I am joining two table with large number (currently 100M - 1B) of rows in SnappyData configured in one server with 64 CPU cores and 512GB of memory, and would like to utilize the collocated join . However the description in the doc seems to imply that collocated join happens at per-node level.
What I need is actually something like per-bucket level collocated join (or partitioned-join), and I am not utilizing the server to the fullest as the total CPU utilization is about 10% or less most of the time.
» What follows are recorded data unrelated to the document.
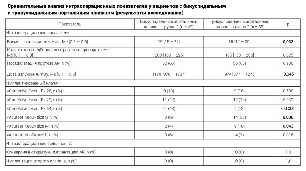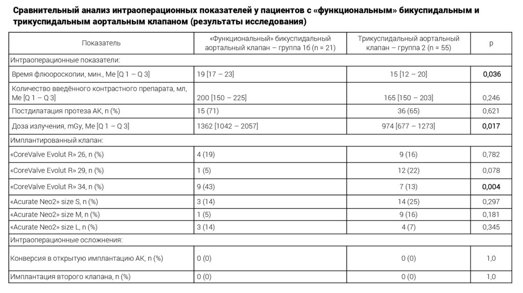 с имплантацией при трикуспидальной анатомии АК результаты.
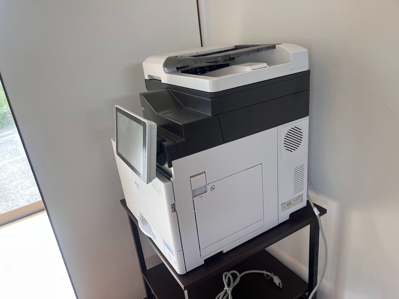 以前から設置していた複合機の設定を再度見直し、10月より各種デバイスとの接続が可能になりました。それを機に、複合機の利用案内と利用票(カラー30円/モノクロ10円)と料金箱を設置しました。
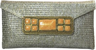 Bolso Clutch De Fiesta Rafia Dorado Plateado
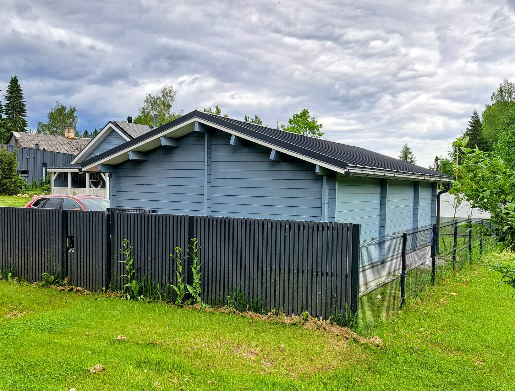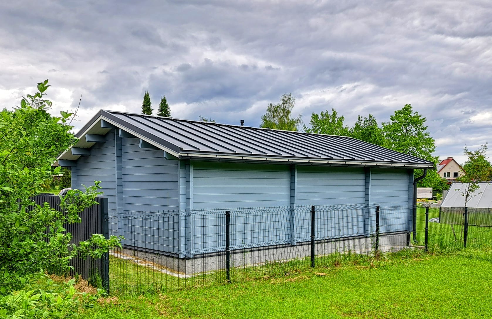 70 mm triple t&g logs kiln dryed nordic spruce double glazed windows wooden gates or rc gates tbd roof cover tbd

For the join I am using the Rowstore and SQL statements. And I set up SnappyData using the single node setup script(snappy-start-all.sh), with one lead, one server, and one locator, with a bit customization to use more mem and CPU core:
conf/leads
localhost -locators=localhost:9999 -heap-size=200g -spark.executor.cores=30 -dir=/snappydata/lead1
conf/servers
localhost -locators=localhost:9999 -heap-size=200g -spark.executor.cores=30 -dir=/snappydata/server1
conf/locators
localhost -peer-discovery-port=9999 -heap-size=2048m -dir=/snappydata/locator1
I wasn't able to figure out how to solve this problem, and my questions are:
- How does collocated join work exactly? Does the collocated join happens at per-node level or per-bucket level or something between? Is there anything I can tweak about this besides setting the bucket number?
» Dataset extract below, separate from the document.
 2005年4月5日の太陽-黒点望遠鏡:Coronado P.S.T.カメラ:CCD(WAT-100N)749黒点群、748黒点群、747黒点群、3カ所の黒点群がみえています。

- Would creating index over the joining columns help in addition to the collocated join?
- Is the configuration a good fit for my workload? or should I set multiple servers to fully utilize the resource?
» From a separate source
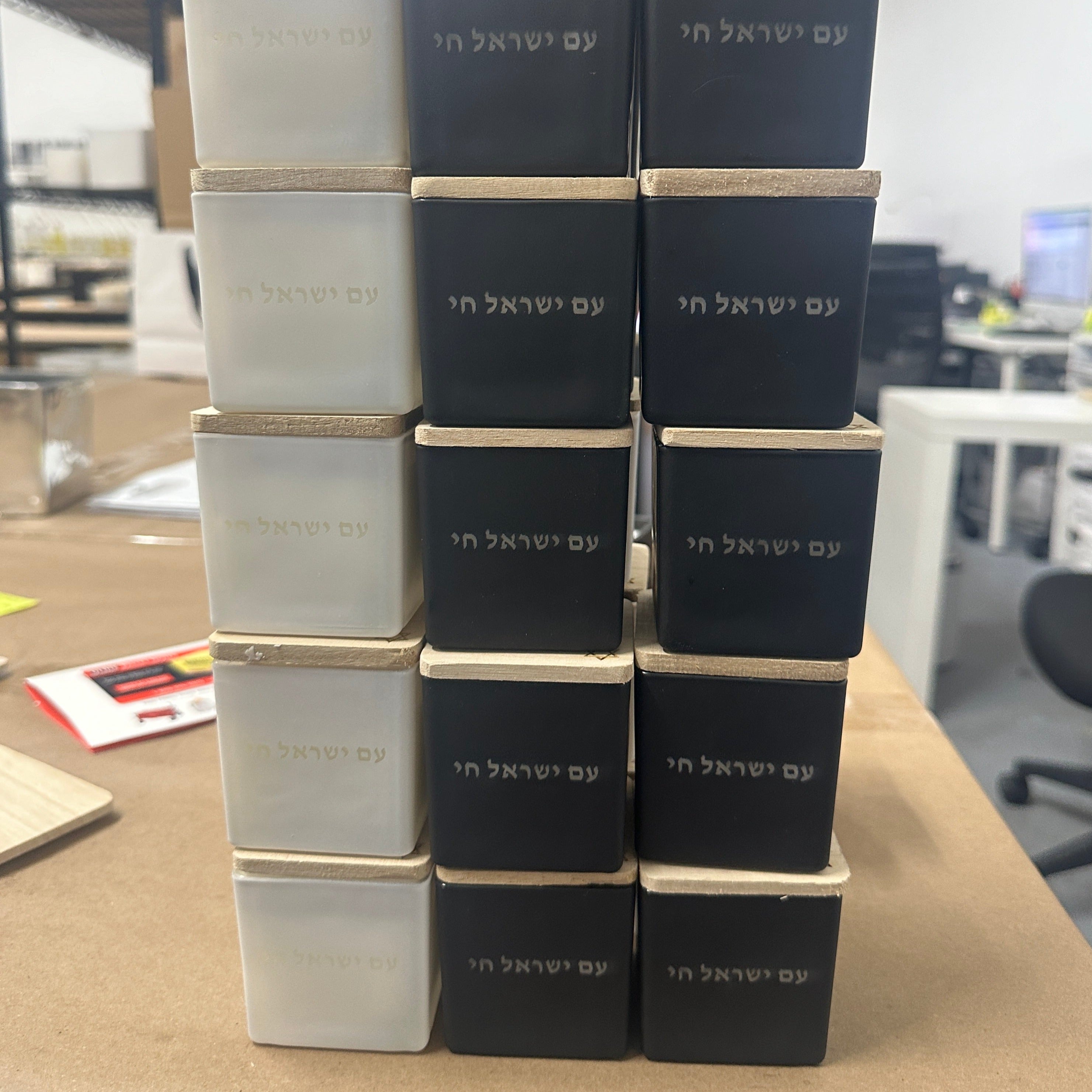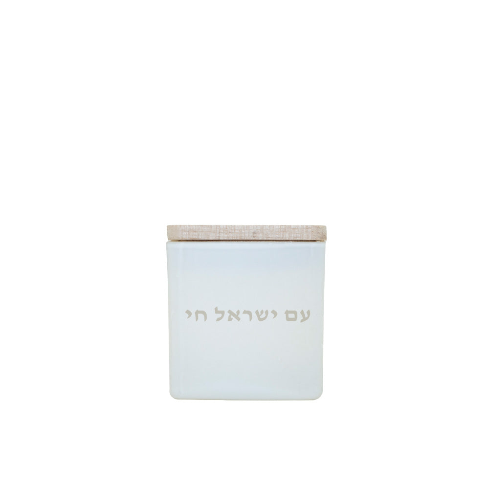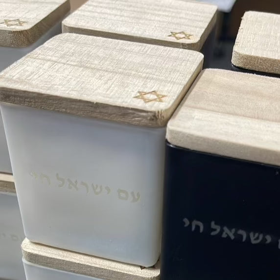 Design details: On the front of the candle, "Am Israel Chai" is engraved in Hebrew. The star of david is engraved on the bottom right corner of the top lid.

- If my setting seems OK, the low CPU utilization might be due to the skewed hash partitioning scheme, where can I tweak the partitioning scheme to avoid skewed partitioning?
Any information or pointers to any of the above questions (sorry about asking a lot of questions in just one post) would be be greatly appreciated :)
UPDATE:
The schema of the two row table looks like this (columns are all Integer type):
Table_A(key1, key2, value1, value2, value3)
USING ROW OPTIONS (partition_by 'key1, key2')
Table_B(key1, key2, value4, value5)
USING ROW OPTIONS (partition_by 'key1, key2', colocate_with 'Table_A').
The join result will contain: Table_C(key1, key2, value1, value2, value3, value4, value5)
And the key1 can be of ~200 different values, key2 ~2M different values. And (key1, key2) distribution are skewed and not unique -- a few(<5%) quite frequent, while most majority are not.